I certainly understand relative motion, but you seem to get relative motion confused with the speed of light compared to objects. You really need to do a gut check and ask yourself why you believe such nonsense.
In the embankment's frame, the train moves and the embankment is stationary. In the train's frame, the embankment moves and the train is stationary. And there's no physical experiment you can do that will tell you which frame is "absolutely" stationary. That's in spite of your claim that you can use light to measure the absolute speeds, because your assumption that you can do that is wrong as a matter of observed fact.
Wrong, James, I've already shown the embankment to be at an absolute zero velocity. When light takes the same time to travel each direction the same distance in the frame, the absolute velocity is zero, and that means your illusions fall apart. You are living in Einstein's world of illusions. Why can't you see that?

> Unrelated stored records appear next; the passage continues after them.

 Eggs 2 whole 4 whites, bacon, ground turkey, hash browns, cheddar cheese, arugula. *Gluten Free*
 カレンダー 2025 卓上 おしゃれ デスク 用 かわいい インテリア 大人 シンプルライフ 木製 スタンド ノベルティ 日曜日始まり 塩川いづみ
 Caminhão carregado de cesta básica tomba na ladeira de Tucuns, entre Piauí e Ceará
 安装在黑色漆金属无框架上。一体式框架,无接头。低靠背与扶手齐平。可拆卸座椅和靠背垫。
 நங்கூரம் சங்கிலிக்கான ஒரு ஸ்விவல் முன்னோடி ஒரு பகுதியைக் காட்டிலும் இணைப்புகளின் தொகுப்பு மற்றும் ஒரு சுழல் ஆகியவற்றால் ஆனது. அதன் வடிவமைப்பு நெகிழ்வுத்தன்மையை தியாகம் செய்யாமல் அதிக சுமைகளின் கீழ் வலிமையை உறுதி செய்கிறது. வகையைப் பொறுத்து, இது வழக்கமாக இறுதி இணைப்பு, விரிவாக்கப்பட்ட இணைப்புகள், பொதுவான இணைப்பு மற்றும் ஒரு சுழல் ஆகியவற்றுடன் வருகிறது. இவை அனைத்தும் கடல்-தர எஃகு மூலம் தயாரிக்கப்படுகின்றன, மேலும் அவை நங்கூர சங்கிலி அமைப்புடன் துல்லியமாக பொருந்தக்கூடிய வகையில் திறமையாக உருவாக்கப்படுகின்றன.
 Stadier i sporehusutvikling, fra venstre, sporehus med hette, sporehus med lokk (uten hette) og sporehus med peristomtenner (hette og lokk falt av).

Ask your self honestly what your concept of "at rest" means. Tell me what you think "at rest" means. At rest compared to what?

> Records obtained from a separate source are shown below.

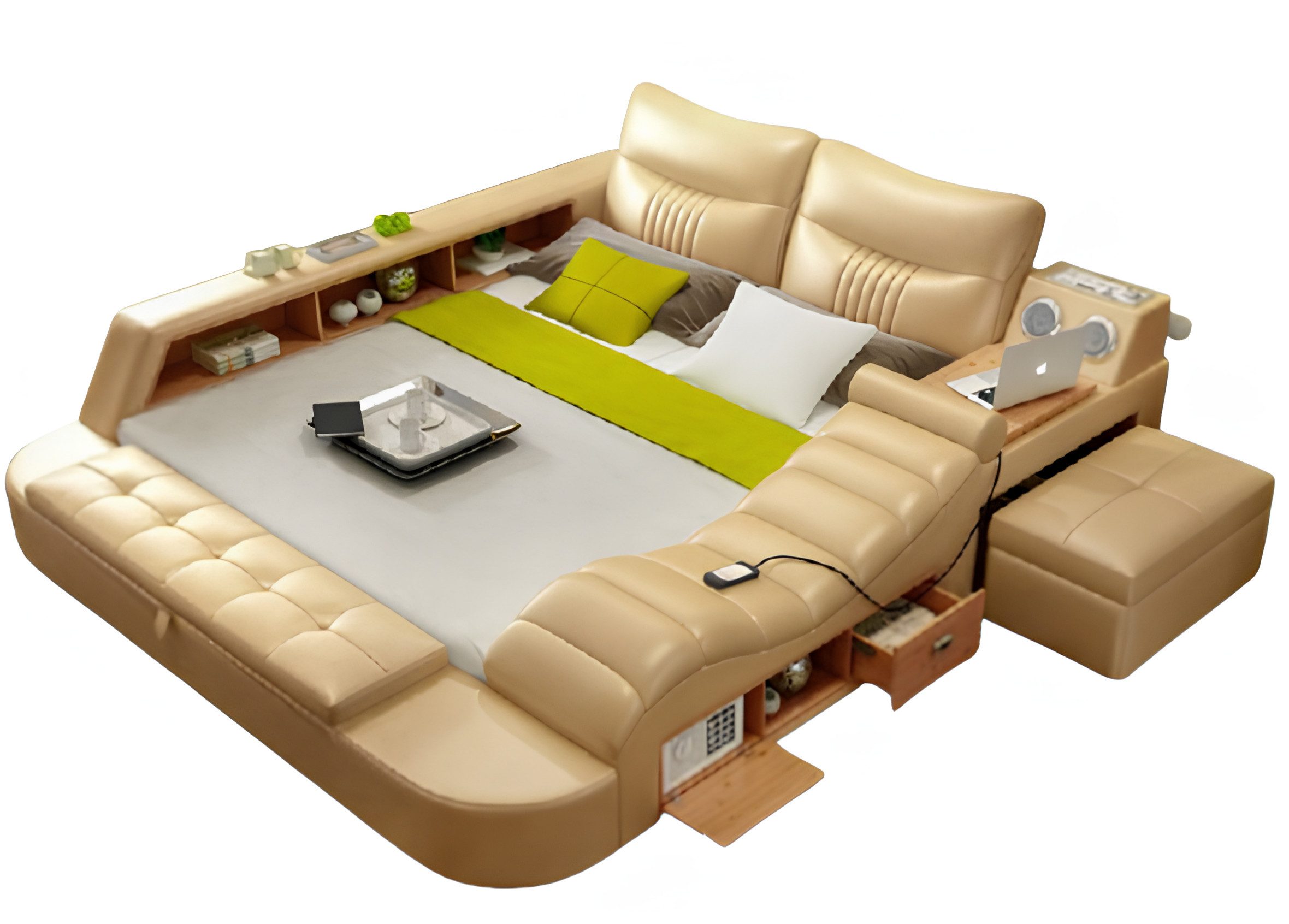 Ausstattung | Schubladenfächer Hocker zum einschieben Relax Liege mit Massagefunktion ( mit Fernbedienung) Verstellbarer Tisch USB Anschluss Bluetooth für Kontakt mit Handy Soundboxen mit Bluetooth verbindbar |
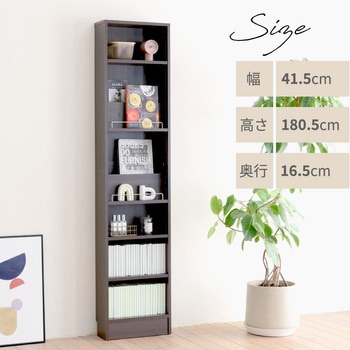 幅41.5cm、奥行16.5cmの薄型設計で圧迫感なく置けるスリム本棚です。
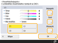 A beállítás után legfeljebb négy beállítást vehet fel. A szín beállítása után nyomja meg a V.hívás/bejegyzés> gombot válasszon a <C1> – <C4> gombok közül nyomja meg a <Bejegyzés> <Igen> <OK> gombot.![]() ![]() Az elmentett beállítások előhívásához nyomja meg a <V.hívás/bejegyzés> lehetőséget, válaszon egy gombot, majd nyomja meg az <OK> gombot. A <C1> – <C4> gombok nevét módosíthatja is. Válassza ki a módosítandó gombot, nyomja meg az <Átnevezés> lehetőséget, és adja meg az új nevet. A bejegyzett beállítások törléséhez válassza ki a gombot , és nyomja meg a <Töröl> <Igen> gombot. |
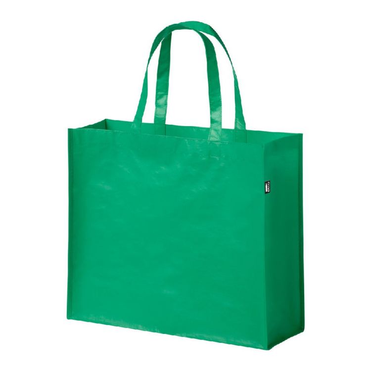 Laminated RPET shopping bag with gusset and medium handles, RPET polyester 105 g/m². With distinctive RPET label.
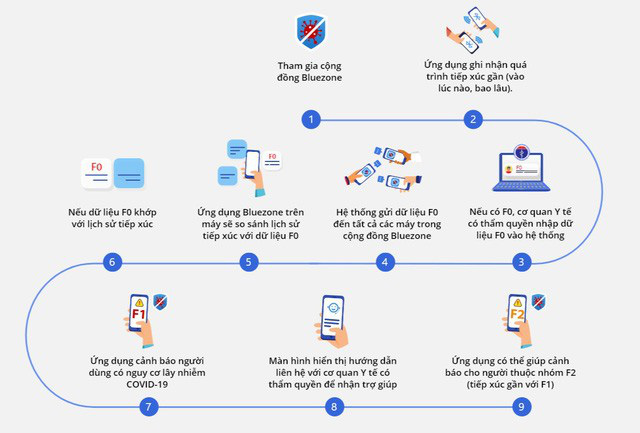 Mặc dù Bluezone không thể phát hiện các ca mắc COVID-19 tuy nhiên có thể giúp phát hiện các trường hợp F1, F2 - là những người có tiếp xúc gần với người mắc COVID-19 -dựa trên cơ chế rà soát nhật ký tiếp xúc của người nhiễm COVID-19, so với nhật ký tiếp túc của những người dùng khác. Nếu xuất hiện các ghi nhận trùng khớp, hệ thống sẽ xác nhận những người đã tiếp xúc, từ đó biết được các F1, F2 tương ứng. Do đó, càng nhiều người cài Bluezone, hiệu quả phát hiện F1, F2 của ứng dụng sẽ càng cao hơn.
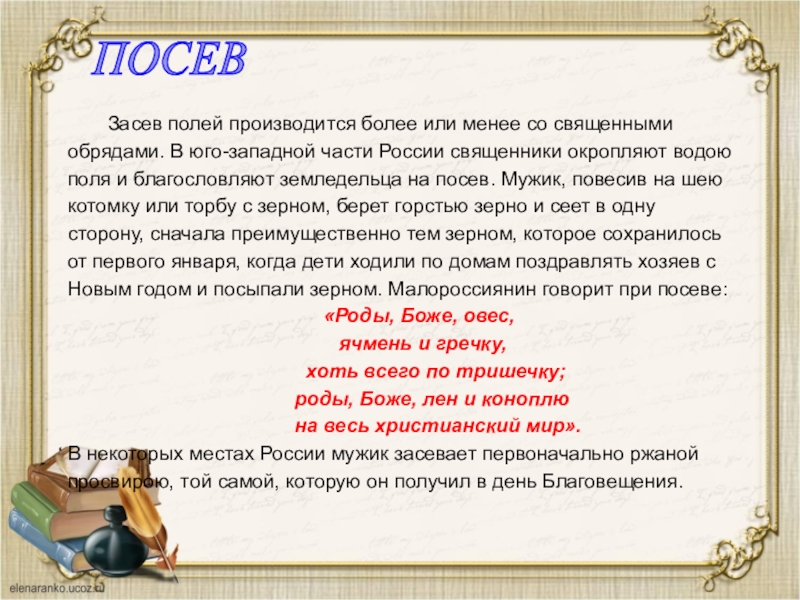 на посев. Мужик, повесив на шею котомку или торбу с зерном, берет горстью зерно и сеет в одну сторону, сначала преимущественно тем зерном, которое сохранилось от первого января, когда дети ходили по домам поздравлять хозяев с Новым годом и посыпали зерном. Малороссиянин говорит при посеве:

Right. IF the times are different. But in a single frame, they never are, as a matter of fact.
As a matter of fact you are wrong. You not understanding it doesn't make me wrong.

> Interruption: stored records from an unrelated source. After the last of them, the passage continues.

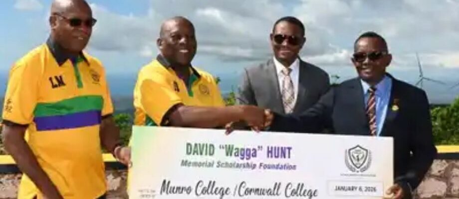 The David ‘Wagga’ Hunt Foundation (DWHF) presented checks totalling US$10,000 to Munro College and Cornwall College.
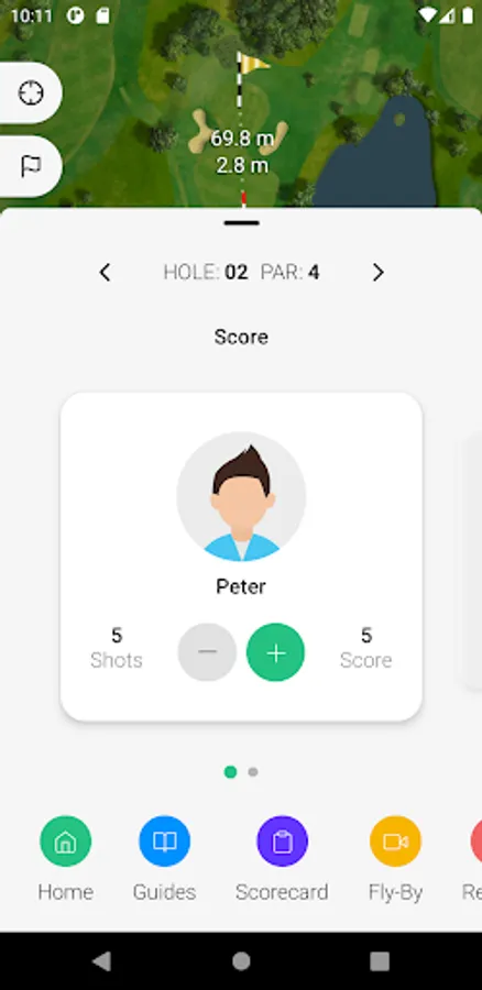 Distance measurement to the pin or a selected point on the golf course with the GPS system
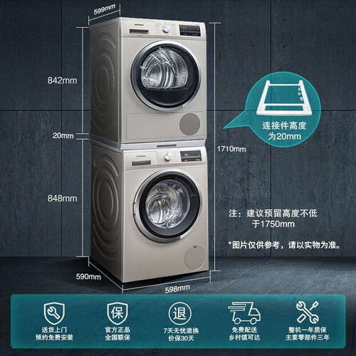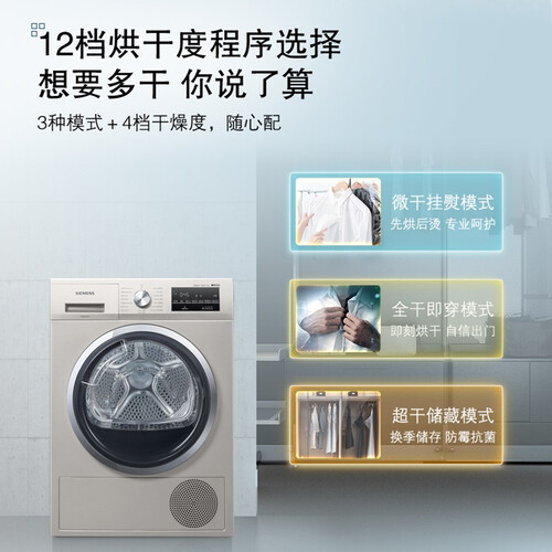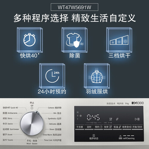 10kg大容量的滚筒洗衣机,不用分开洗涤,可以满足全家人的洗涤需求。9kg进口热泵烘干机,烘干能力出色,衣服蓬松舒适。
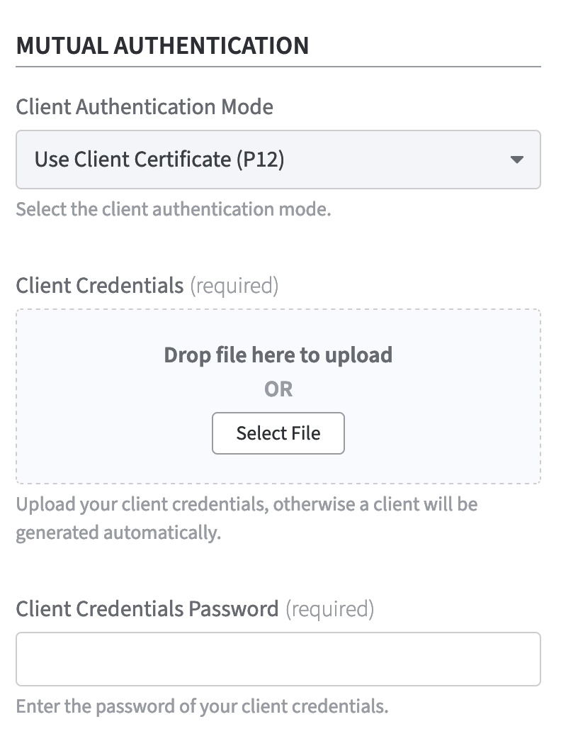 Upload the Client Certificate and the associated private key in the form of a PKCS #12 archive file. Also specify the Password to open the PKCS#12 file in the Client Credentials Password field.

In a frame where the source is moving, you're right - the source is not at the centre of the light sphere 1 second later. But in a frame where the source is stationary, the source stays at the centre of the sphere at all times.
Of course the source stays at the center if it has an absolute zero velocity. If it doesn't have a zero velocity then it's no longer at the center. There goes your "light is always 300,000,000 meters from the source 1 second later.
What Einstein's postulate says is that the speed of light emitted from a source in the middle of your train is observed to move at speed c in both directions by somebody on the train. Therefore, the light wavefront is always the same distance from the source in both directions and the source remains stationary at the centre. The motion of the train is irrelevant.
So you do 2 tests. One you remain 10 meters from a light and test the time it takes light to reach you. The other test you are at 10 meters, and as soon as the light is emitted you move away from the light. You are telling me that the times are both the same. That's what you say, James. So if the time is always the same at say 10 and 11 meters, then it's the same at 25 meters, and 698 meters. Do you honestly believe that?
According to YOUR postulate, things are very different. You say light moves at different speeds in the two directions, as measured in the train's frame. So, light spreads out from the source at different rates depending on its direction of travel and the source does not remain at the centre of the light sphere.
Light travels at the speed of light from the point in space it was emitted. If a wall on each side of the light moves, one closer to that point and the other farther from that point, then the two times will be different. It's not even debatable, James, it's a rock solid fact!
Looking at things from the embankment frame, Einstein says that the source does NOT remain at the centre of the light sphere because light travels at c in both directions in the embankment frame and the source on the train is moving. And you agree with Einstein about the embankment picture, because in your mind the embankment frame is the only truly valid frame (provided it is stationary in "space").
All frames are valid, as long as you acknowledge that frames are different because they are at a different velocity. You seem to think of frames as all having a velocity, just not your frame. That's absurd, James. There are an infinite amount of frames, all with a different velocity, and yes, there is a zero velocity frame, in which the speed of light is measured to be 299,792,458 m/s. You know why, because the speed of light is DEFINED!
As a matter of reality, Einstein is right and you are wrong, as proven by countless experiments. Nothing you imagine or assert can change that.
No, as a matter of reality, Einstein's world is a world of illusions. My world is reality.